Chinese is a character-based language. Chinese characters express meaning and sometimes pronunciation. Each character has its own story and image. They contain thousands of years of Chinese wisdom, culture and philosophy.
The first 100 Chinese Character book emphases basic Chinese character learning. 象形字xiànɡxínɡzì, the hieroglyph characters, are pictographic. The characters are also indicative of single components (独体字dútǐzì), which makes them fun and easy to learn. The ancient Chinese used abstract symbols to indicate meaning. The second reason I arranged this way is that, 80-85% complex characters which were developed later on are combinations of 独体字dútǐzì,and most of these characters have one part often indicate the meaning which known as ‘radicals’. The another component(s) often express where pronunciation comes from. You will find more of these characters in the second 100 Chinese Character book.
Another important aspect of this book is that I introduce several basic radicals, and give common characters that have each radical right after as an exercise and extension. Hopefully this way it will help learners relate from character to character. For example “口” kǒu, mouth, to “吗” ma question modal particle and “叫” jiàoto call, to be called.

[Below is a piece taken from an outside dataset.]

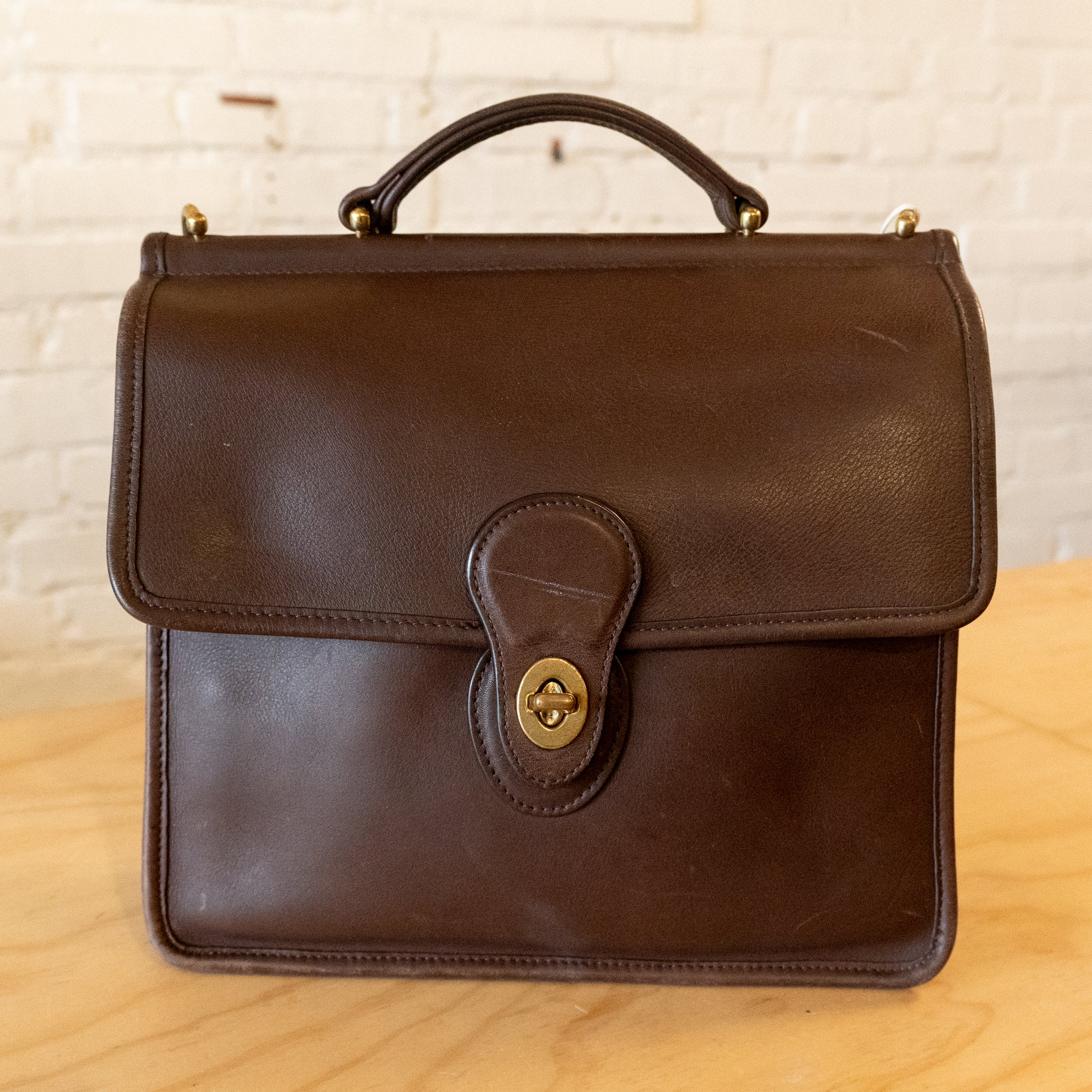 Vintage Coach Willis bag from the early 2000s in rich brown leather. Structured top-handle silhouette with a flap front and brass turn-lock closure. Clean lines and a slightly larger profile than the Regina, with a classic, functional shape. Leather has been conditioned and shows light natural wear with a soft, broken-in feel. Hardware is intact and functional. Includes the original Coach hangtag and adjustable strap for shoulder or crossbody wear. Overall good vintage condition, with a small white scuff above the closure (see photos).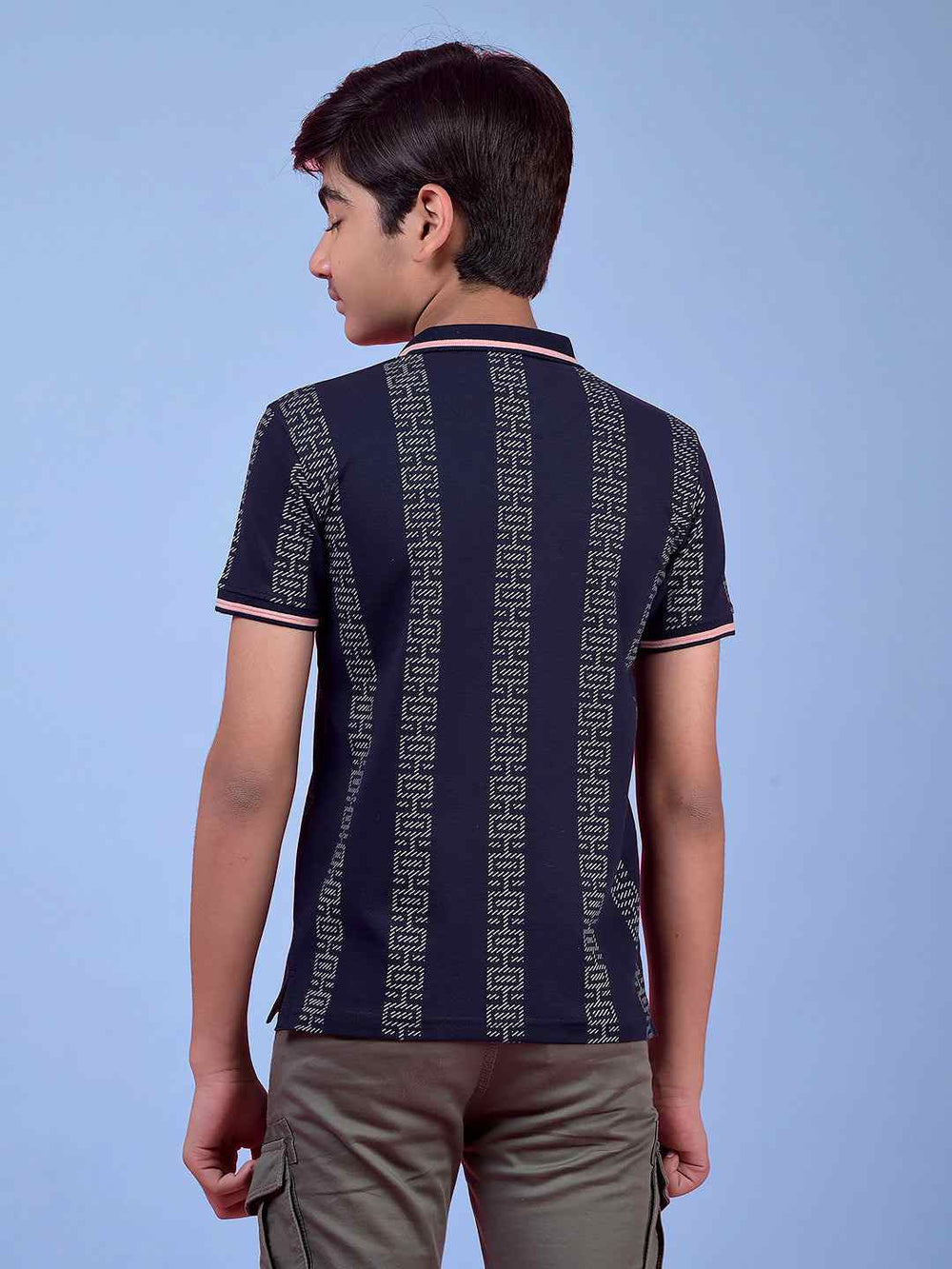 Achieve A Classic Yet Fresh Look For Your Boy With The Crimsoune Club Boy's Navy Blue Printed Polo Neck T-Shirt. This Essential Navy Blue Polo Features Stylish Prints, Adding A Modern Twist To A Timeless Design. Perfect For Everyday Wear, It Ensures Both Comfort And A Sophisticated Casual Appeal.

Each character has its pinyin on the top, and the English meaning at the bottom. Often time one characters might have several English meanings, so we recommend learners apply them under contexts. The exercise would be expand one character to a 2-character-word, then into a short phrase, and eventually try it out in sentences. The red part in each character indicates the radical. The grey boxes are for learners to trace the character 7 times before they start to write their own. Tracing and imitating are helpful for learners to have better form. There are enough empty boxes to practice writing. We would suggest learners to apply the character in sentences. Making sentences with new words is efficient for learning.